* **Directions for this task**
Below are entries. Give back exactly the lines from the one containing "Annual trends of" through the one containing "Una vista imprescindible", inclusive, without the pictures.

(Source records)

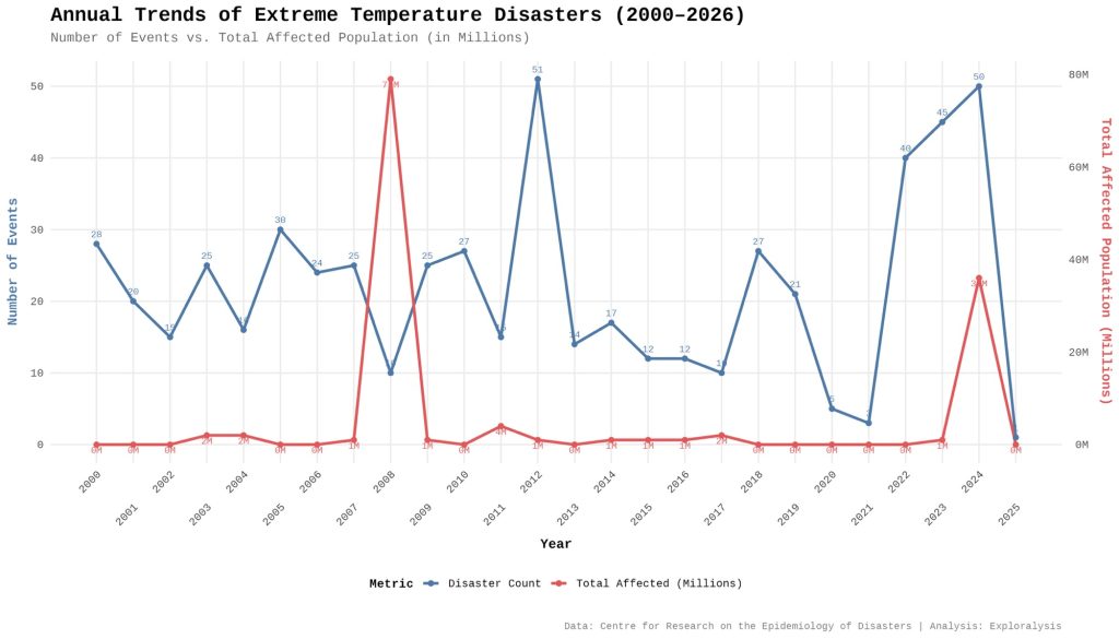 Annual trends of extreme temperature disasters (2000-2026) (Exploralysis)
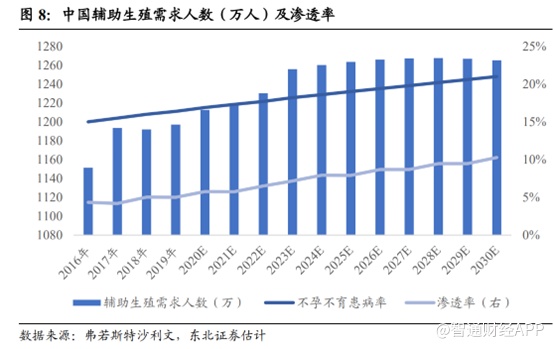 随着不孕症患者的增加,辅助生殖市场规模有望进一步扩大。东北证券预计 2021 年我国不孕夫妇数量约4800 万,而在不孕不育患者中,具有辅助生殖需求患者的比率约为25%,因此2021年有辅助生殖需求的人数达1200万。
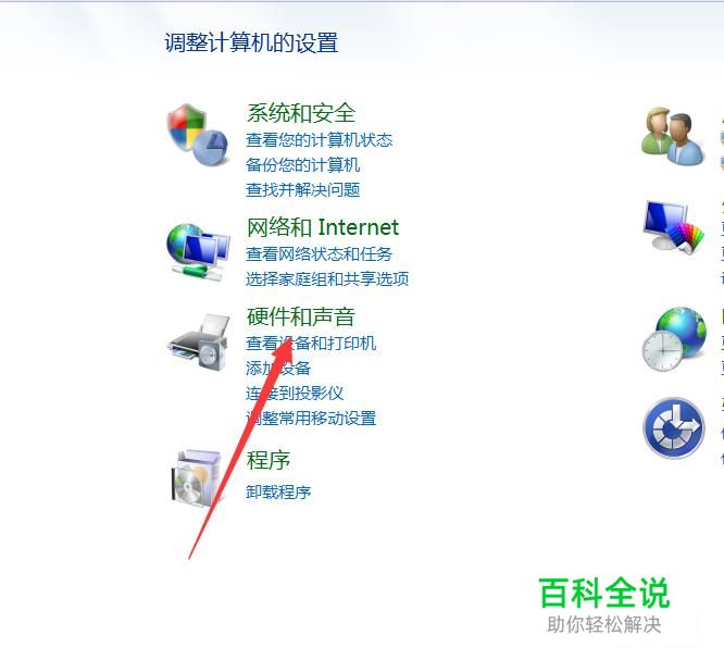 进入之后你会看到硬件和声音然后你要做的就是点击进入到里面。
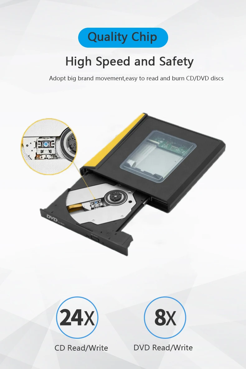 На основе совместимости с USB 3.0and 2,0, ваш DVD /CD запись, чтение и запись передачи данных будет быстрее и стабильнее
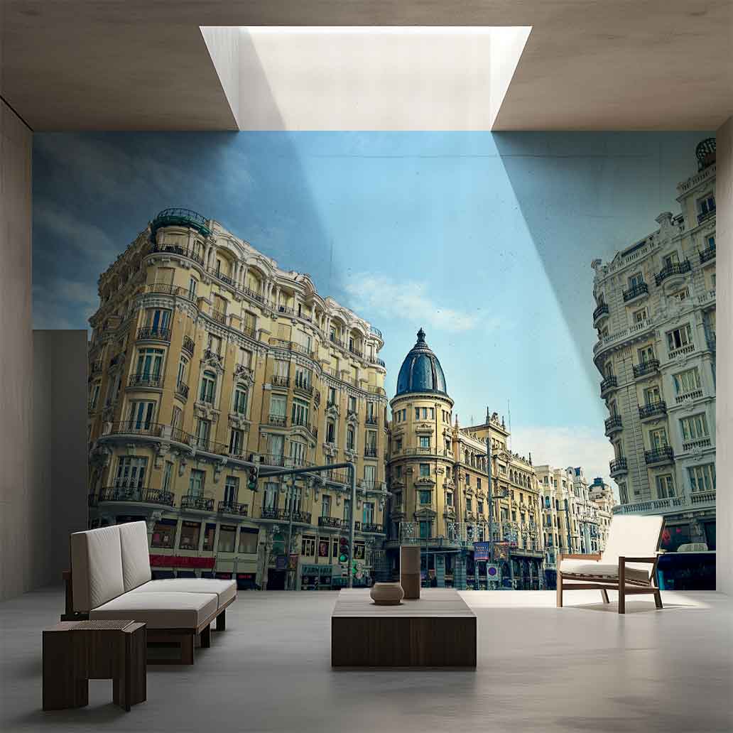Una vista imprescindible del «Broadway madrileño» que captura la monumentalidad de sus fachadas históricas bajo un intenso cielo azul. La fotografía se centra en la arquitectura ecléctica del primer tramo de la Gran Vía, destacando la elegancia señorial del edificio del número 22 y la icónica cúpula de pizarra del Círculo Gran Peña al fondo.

* * *

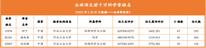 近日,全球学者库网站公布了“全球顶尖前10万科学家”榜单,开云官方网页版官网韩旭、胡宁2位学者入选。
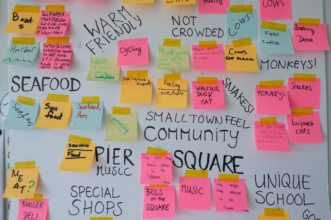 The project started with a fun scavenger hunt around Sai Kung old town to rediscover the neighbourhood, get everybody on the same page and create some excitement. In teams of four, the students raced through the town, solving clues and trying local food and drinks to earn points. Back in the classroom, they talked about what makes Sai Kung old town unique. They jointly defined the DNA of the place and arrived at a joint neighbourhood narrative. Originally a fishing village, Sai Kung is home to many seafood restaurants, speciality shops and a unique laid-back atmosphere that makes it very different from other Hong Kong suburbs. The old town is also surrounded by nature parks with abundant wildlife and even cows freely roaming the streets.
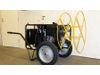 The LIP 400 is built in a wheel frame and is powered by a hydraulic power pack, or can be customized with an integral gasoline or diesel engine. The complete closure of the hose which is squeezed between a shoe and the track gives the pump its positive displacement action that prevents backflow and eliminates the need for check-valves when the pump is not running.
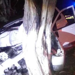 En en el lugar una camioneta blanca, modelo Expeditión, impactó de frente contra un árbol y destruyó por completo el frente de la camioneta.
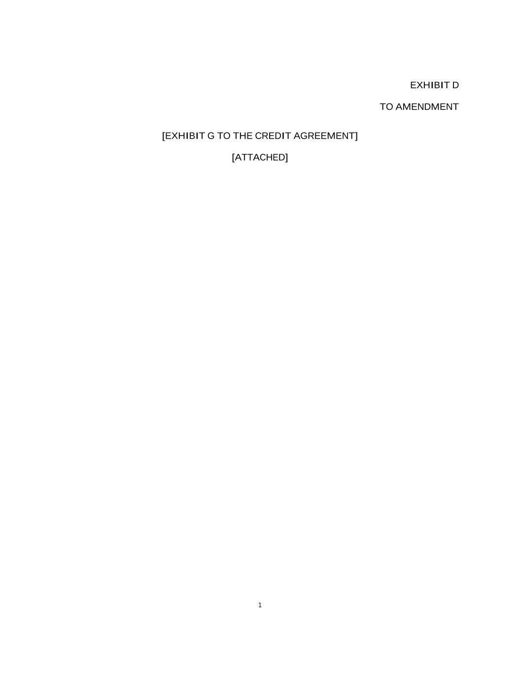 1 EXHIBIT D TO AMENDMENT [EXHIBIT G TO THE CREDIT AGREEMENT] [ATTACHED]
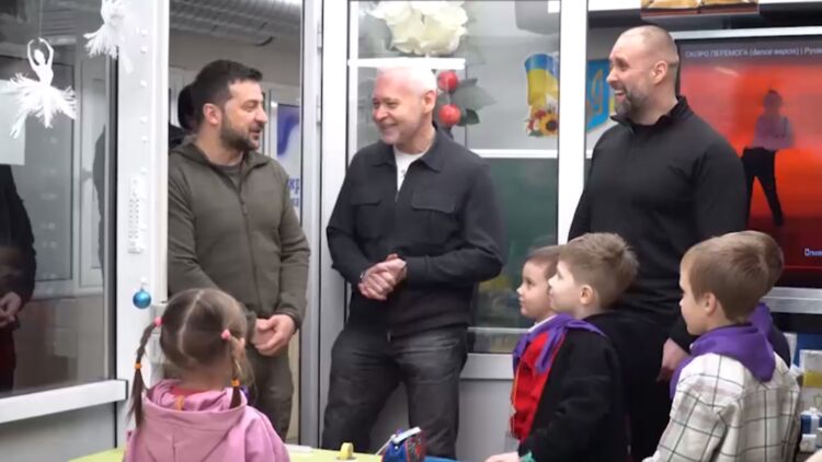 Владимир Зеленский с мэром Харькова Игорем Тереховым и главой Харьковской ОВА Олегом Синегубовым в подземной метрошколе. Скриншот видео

* **Reply to the exercise**
 Annual trends of extreme temperature disasters (2000-2026) (Exploralysis)
 随着不孕症患者的增加,辅助生殖市场规模有望进一步扩大。东北证券预计 2021 年我国不孕夫妇数量约4800 万,而在不孕不育患者中,具有辅助生殖需求患者的比率约为25%,因此2021年有辅助生殖需求的人数达1200万。
 进入之后你会看到硬件和声音然后你要做的就是点击进入到里面。
 На основе совместимости с USB 3.0and 2,0, ваш DVD /CD запись, чтение и запись передачи данных будет быстрее и стабильнее
Una vista imprescindible del «Broadway madrileño» que captura la monumentalidad de sus fachadas históricas bajo un intenso cielo azul. La fotografía se centra en la arquitectura ecléctica del primer tramo de la Gran Vía, destacando la elegancia señorial del edificio del número 22 y la icónica cúpula de pizarra del Círculo Gran Peña al fondo.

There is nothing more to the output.